When designing our own infrastructure automation project (Red Bastion) in 2020, I hit a major limitation: After deploying infrastructure with Terraform, SSH must be accessible to deploy the Ansible playbook. This implies you need to deploy a VPC with VPN or jump host first or give your instance a public IP address and expose SSH. The latter is not even an option if you have services that should not have a public IP.
This means I cannot simply deploy my entire Red Team VPC in one go, it with one VPN/jump box, wait for deployment to complete, configure my VPN client, connect, and then deploy stage 2 over VPN. Surely this also frustrates other people, so let's try to come up with an alternative.
SSM Documents: AWS-ApplyAnsiblePlaybooks
Enter the AWS Systems Manager (SSM). According to the AWS documentation, the Systems manager enables you to manage your infrastructure:
Systems Manager provides a unified user interface so you can view operational data from multiple AWS services and enables you to automate operational tasks across your AWS resources.
One of its features is that it allows you to run "SSM Documents", automation runbooks, on onboarded assets. AWS-ApplyAnsiblePlaybooks is such a runbook, which would fit our use case perfectly. It allows you to run an Ansible playbook from an s3 bucket locally on your asset.
At this point, the following questions arose:
Can we automatically package our playbook via terraform and upload it to s3?
What are the instance requirements?
How do we pass arguments to our Ansible playbook?
We will answer this and more in the following sections.
Custom SSM Documents
Before we continue, the default SSM document comes with certain limitations which you would potentially like to overcome. For example, it only installs the ansible package as shown below. What if our playbook depends on Ansible collections?
sudo pip3 install ansible
Instead of following the next steps, you could also copy our read-to-go json file from GitHub. In that case, simply create a new SSM document and paste the json content there.
We can easily select the default playbook and clone it via the AWS console. Go to Systems Manager > Documents and search for "AWS-ApplyAnsiblePlaybooks". Select the automation runbook and click Actions > Clone document.
We can name the new runbook Custom-ApplyAnsiblePlaybooksWithCollections. Target Type can be left empty.
We can add an additional parameter RequirementsFile, to pass our playbook's requirements.yml file if the InstallCollections parameter is set to "True".

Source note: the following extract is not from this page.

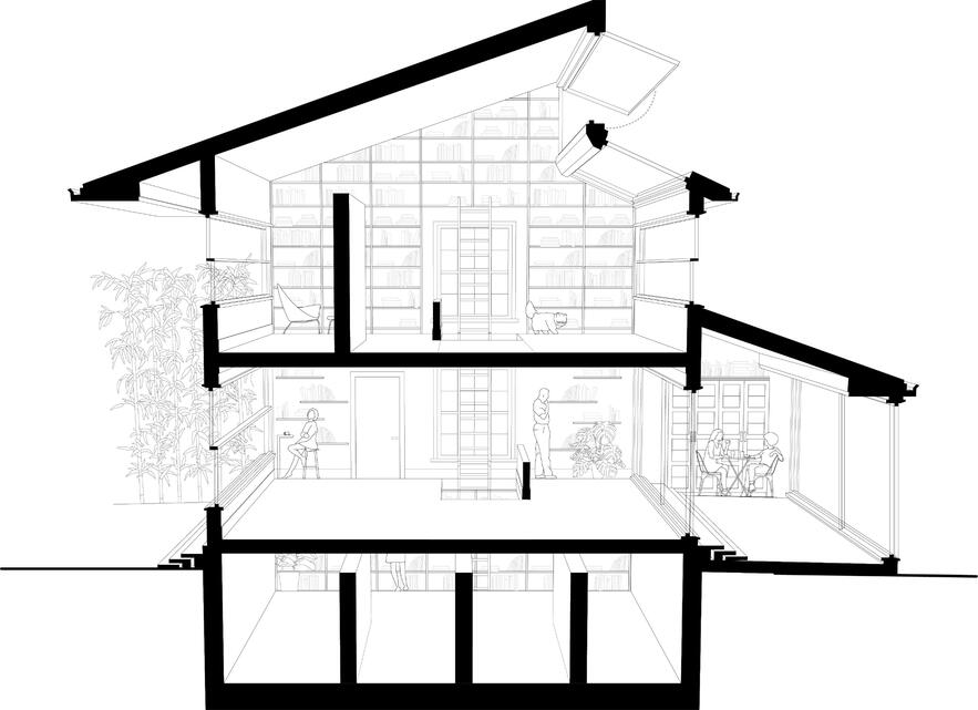 I wanted to reimagine the classic suburban neighborhood and blur the rigid lines of private and public. I wanted to open up a space for community engagement normally lacking in the suburbs. I began by thinking about liminal spaces—spaces of between.The side yard is the space between two houses. It normally has a fence as a barrier to interaction, so I wanted to take this space of separation and transform it into a connector of houses, people, and communities. I wanted to use this design and final collage presentation to challenge the long-held notions of what the suburbs can and should be.Working within the confines of the small side yard in between two single-family homes in the suburban context, I was very limited on square footage. Through creative problem-solving, I decided on a structure that physically links homes together, creating a reciprocal relationship between homes and shared space of inevitable interaction.Private room spaces become community-driven spaces like art studio on the ground story and community kitchen on the second story. Within the combined the side yard space, I have included a covered community garden/greenhouse space with a small, intimate outdoor balcony patio and a lawn space for picnics and larger gatherings.Section drawings, collages, and design program made with Rhino7, Adobe Illustrator, and Adobe Photoshop.

"InstallCollections": {"type":"String","description":"(Optional) Whether to install ansible-galaxy collections.","allowedValues": ["True","False" ],"default":"False"},"RequirementsFile": {"type":"String","description":"(Optional) Path to requirements.yml file","default":"requirements.yml","allowedPattern":"[(a-z_A-Z0-9\\-\\.)\/]+(.yml|.yaml)$"},
Next, the following shell script can be added to the aws:runShellScript action to validate whether requirements.yml should be parsed.
"if [[ \"{{InstallCollections}}\" == True ]] ; then"," RequirementsFile=\"{{RequirementsFile}}\""," if [ ! -f \"${RequirementsFile}\" ] ; then"," echo \"The specified Requirements file doesn't exist in the downloaded bundle. Please review the relative path and file name.\" >&2"," exit 2"," fi"," ansible-galaxy install -r \"{{RequirementsFile}}\"","fi",
Congratulations! We now have our own Custom-ApplyAnsiblePlaybooksWithCollections SSM runbook. Keep in mind that this only exists in the region we created it. In this case, we are using eu-west-1. Therefore, we can only apply it to intances deployed in this region.
Packaging Ansible Playbooks
Next, we must come up with an approach to package our Ansible playbooks.
Ansible folder structure
The role we are about to create, can be found on GitHub.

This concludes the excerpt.